8. O contraponto honesto: quando não há estabilidade
Um artigo que só mostrasse o lado favorável enganaria o leitor. A estabilidade do reabilitado tem fronteiras, e reconhecê-las é parte de orientar bem. Uma primeira fronteira está na natureza do afastamento. A estabilidade do art. 118 pressupõe origem acidentária: se o trabalhador se afastou por doença comum, sem relação com o trabalho, e recebeu auxílio-doença na espécie previdenciária simples, a alta não gera os doze meses de garantia. A reabilitação, por si só, não converte um afastamento comum em acidentário; o que sustenta a estabilidade é o nexo entre a incapacidade e a atividade, e esse nexo precisa existir e ser demonstrável.
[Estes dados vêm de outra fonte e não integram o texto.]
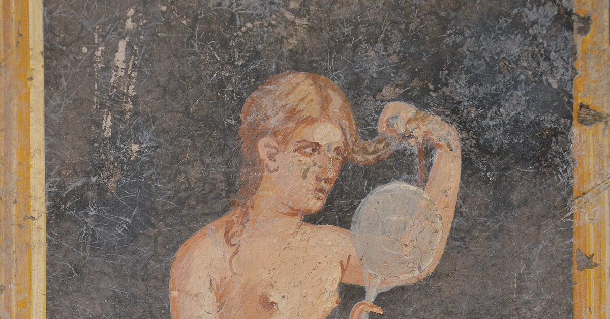 A fresco showing a woman looking in a mirror as she dresses (or undresses) her hair. From the Villa of Arianna at Stabiae (Castellammare di Stabia). 1st century CE. Naples National Archaeological Museum.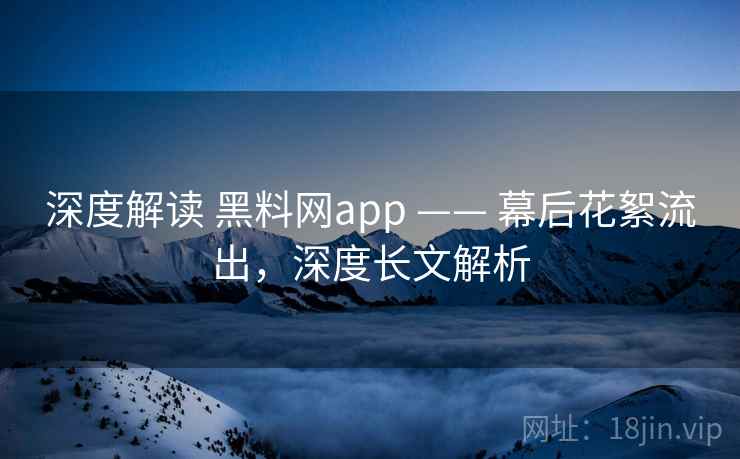 深度解读 黑料网app —— 幕后花絮流出,深度长文解析

Outra fronteira é a prova do nexo. A ressalva da Súmula n.º 378 socorre quem teve a doença ocupacional constatada depois da dispensa, mas socorre a partir de prova, não de alegação. Cabe ao trabalhador demonstrar, por laudo e perícia, que a lesão guarda relação de causalidade com o trabalho. A empresa costuma opor a tese da doença degenerativa ou preexistente, apoiada no § 1.º do art. 20 da Lei n.º 8.213, sustentando que a moléstia decorreria da idade ou de predisposição pessoal. A resposta técnica está na concausa do art. 21, inciso I, da mesma lei: basta que o trabalho tenha contribuído diretamente para a redução da capacidade, ainda que ao lado de outros fatores. Uma predisposição que se agrava por causa do ritmo, da repetição e do frio da linha não afasta o nexo, apenas o divide. Ainda assim, sem prova pericial do vínculo, o reconhecimento não se presume.
Há ainda a fronteira ligada à condição de reabilitado, no art. 93. A garantia exige que o trabalhador seja, de fato, beneficiário reabilitado da Previdência, com o processo concluído e o certificado emitido, ou pessoa com deficiência nos termos da lei. O simples afastamento por doença, sem passagem pela reabilitação, não aciona essa proteção específica, embora possa acionar a estabilidade do art. 118. E, mesmo para o reabilitado, a dispensa motivada por justa causa devidamente comprovada não se submete à mesma regra da dispensa imotivada. Dentro dessas fronteiras, porém, o direito é sólido, e o trabalhador de frigorífico que adoeceu no serviço, foi reabilitado e voltou ocupa o terreno em que a proteção é mais firme.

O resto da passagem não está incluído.